Fallakin, did you rethink your position on the CRA? Have you learned not to trust a word Beck, Hannity, or the wingnut blogs tell you, yet? If not, what would it take?

The poisoning of a young mind, Fox News style.
Hannity - Feb 19, 2009

HANNITY: No, I'm going to tell you what got us into this mess was this redistribution, that you live in America -- wait a minute. The banks were forced to make risky loans because government made them.

GALLAGHER: That's right. By law.

HANNITY: By law.

DANZA: That's what it was. That's what it was.

(CROSSTALK)

GALLAGHER: The Democrats -- Democrats insisted that they -- and they had these banks hamstrung said, "You're going to give loans and give that money away."

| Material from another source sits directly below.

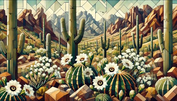This captivating artwork portrays a geometric interpretation of Tucson's desert landscape, showcasing its iconic saguaro cacti and rugged mountain backdrop. The composition is rendered using a vivid, stylized approach, emphasizing sharp angles and a mosaic-like appearance that brings a modern twist to the natural scenery. Rich earthy tones blend with the green hues of the cacti and pops of white from the blooming flowers, creating a visually engaging scene that pays homage to the unique beauty of the Arizona desert.
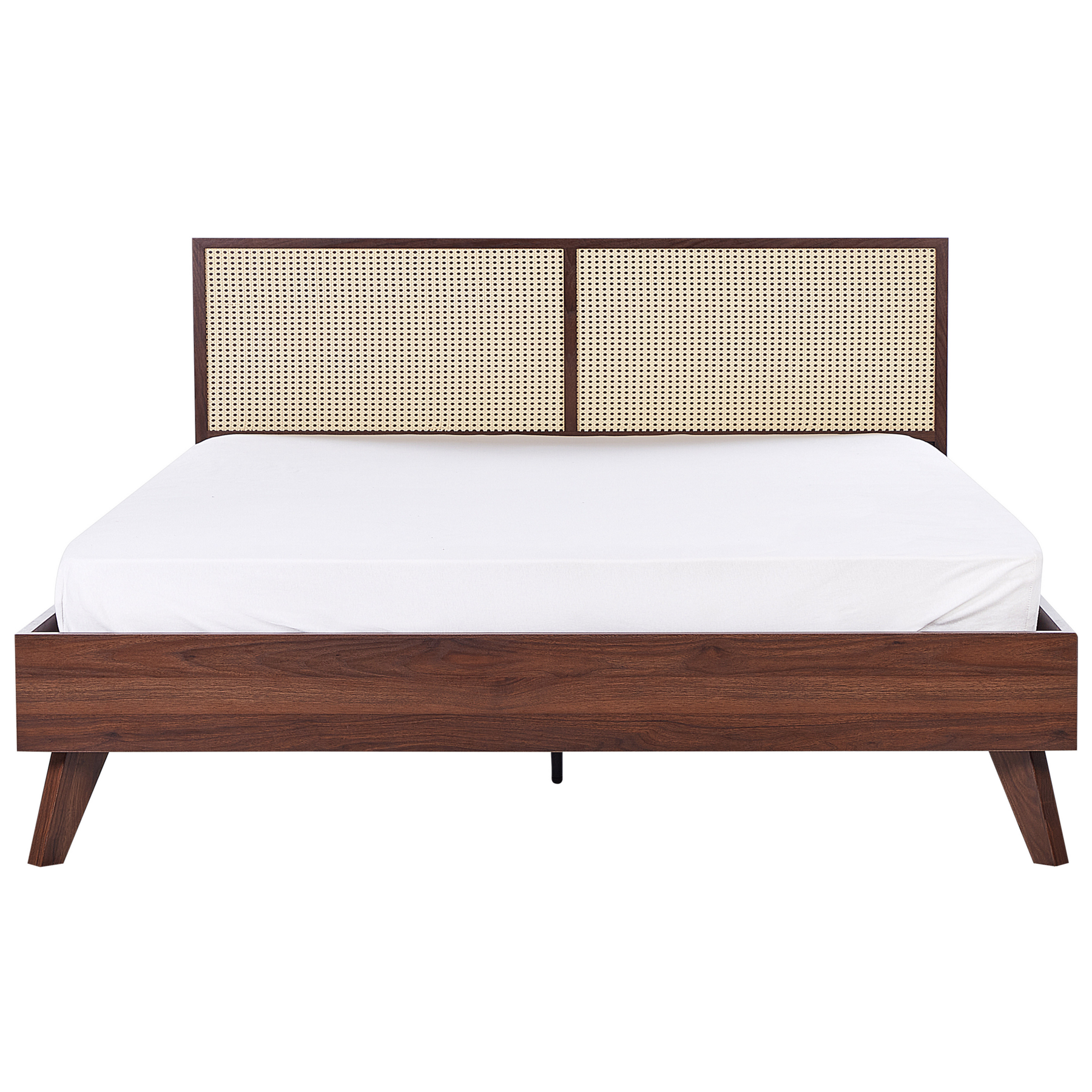 Beliani-MONPAZIER -Tweepersoonsbed-Donkerhout-180 x 200 cm-Rotan

DANZA: Yes, they told them go out there."

(CROSSTALK)

HANNITY: The community reinvestment act.
Glenn Beck - May 28, 2009

Meanwhile, the Center for Community Change has several union members on its board and lists on its Web site that it helped establish the Community Reinvestment Act. Wait a minute. That's the one that got us in all the trouble with the banks, you remember, causing the financial mess that we're in right now.

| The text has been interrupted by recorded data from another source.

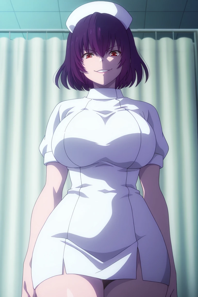 1girl, solo, Kurokawa, purple hair, short hair, red eyes, glossy lips, big breasts, curvy, wide hips, thick thighs, official_style, anime_coloring
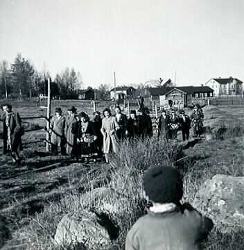 slöjdkonferens i Jokkmokk september 1947. Deltagarna på väg till ett möte
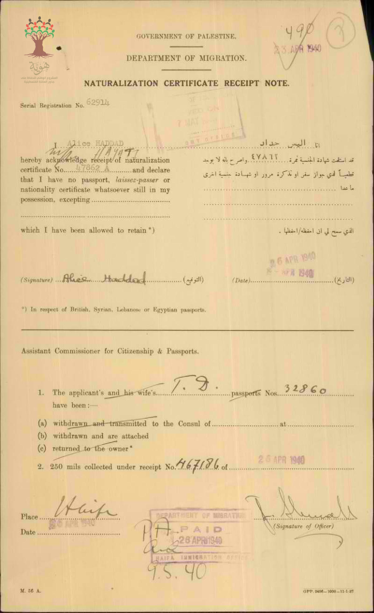 إيصال موقع من أليس حداد باستلام شهادة الجنسية الفلسطينية
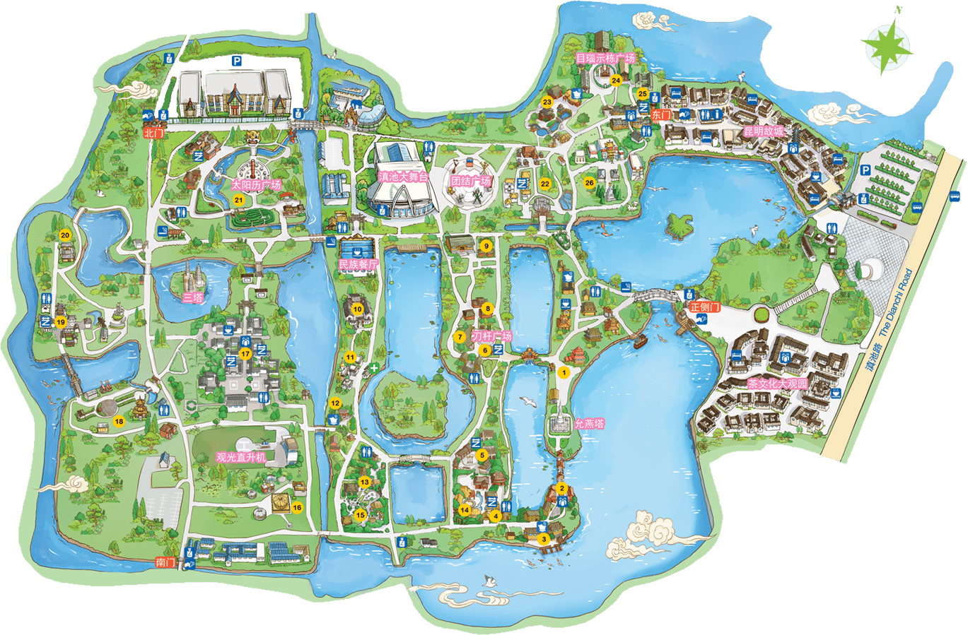 彝族在云南境內(nèi)約471萬人,是省內(nèi)人口最多、分布最廣的少數(shù)民族,主要聚居在金沙江、元江流域和哀牢山、無量山腹地。彝族是一個能歌善舞的民族,民間打歌、跳樂之風盛行,大三弦、跌腳舞久負盛名。火把節(jié)是彝族最具特色的民族節(jié)日。彝族村占地50余畝,三虎浮雕墻與虎頭內(nèi)祖師形象表現(xiàn)了彝族虎鷹文化。太陽歷廣場圖騰柱上有太陽、虎、火和八卦圖形象,周圍環(huán)繞著10個朝向不同的月球造型,外圓周有12生肖石雕。依山而建的“...
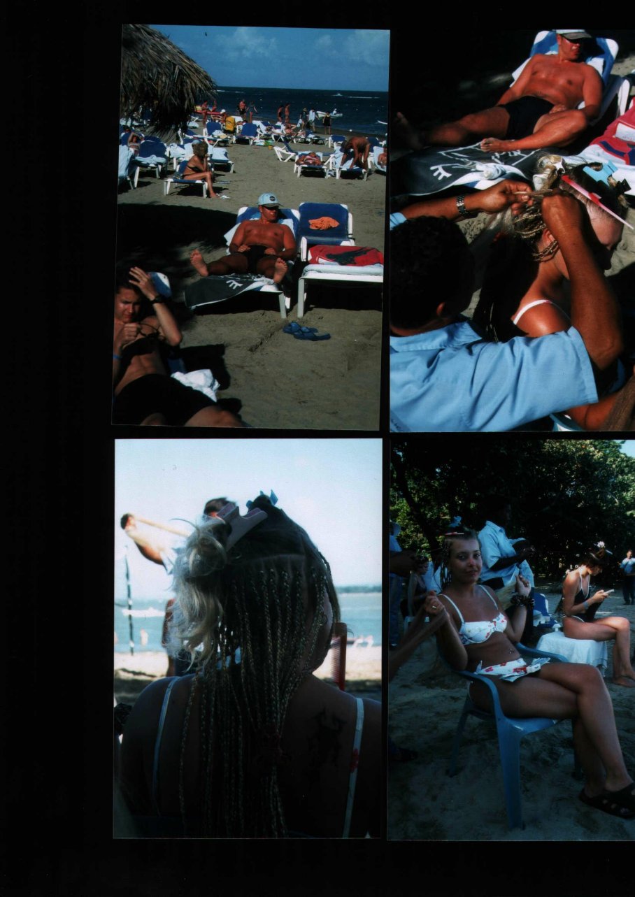 Am Strand lassen sich die Mädchen zöpfchen flechten , wärend sich die Männer entspannen !
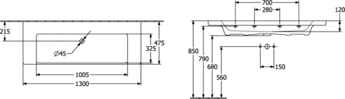 Lavabo de armario Subway 3.0 de Villeroy & Boch, sin agujero para grifo, sin rebosadero, sin pulir, 1300x475mm
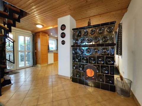 -Alsó szinten alapfűtés cserépkályha, továbbá elektromos kazánról 3 zónás padlófűtés, felső szinten radiátorok.
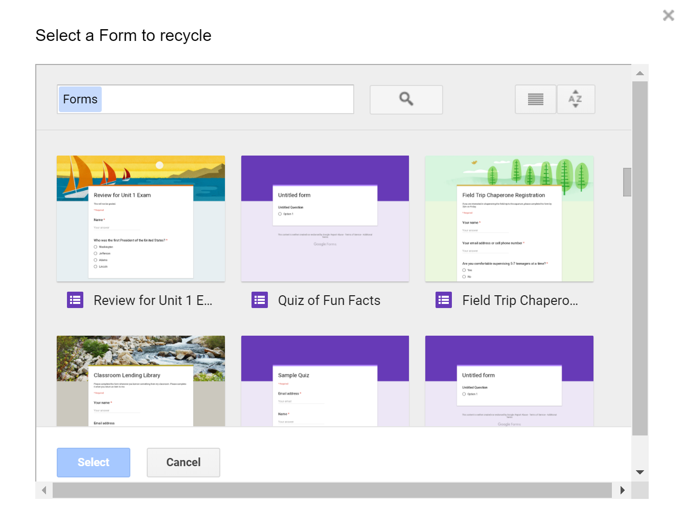 formRecycler provides a great way to quickly assemble a review quiz by selecting questions from prior quizzes given through Google Forms. For example, at the end of the semester I often would give students a practice quiz that featured the most difficult questions from quizzes given earlier in the semester. formRecyler makes that process much easier than rewriting each question.

So, you might consider leaving that one off your resume. Maybe it's just me. You should take that one off, you know, your Web site.
Glenn Beck - June 18, 2009

BECK: We all have to have a home. This, what -- between the Community Reinvestment Act and Fannie and Freddie, death to America.
And there are dozens more going back years. Fox News pushes this particular lie hard. This stuff would be funny in a World Wrestling Entertainment kind of way if there weren't so many lemmings believing it, eating it up, and vomiting it out.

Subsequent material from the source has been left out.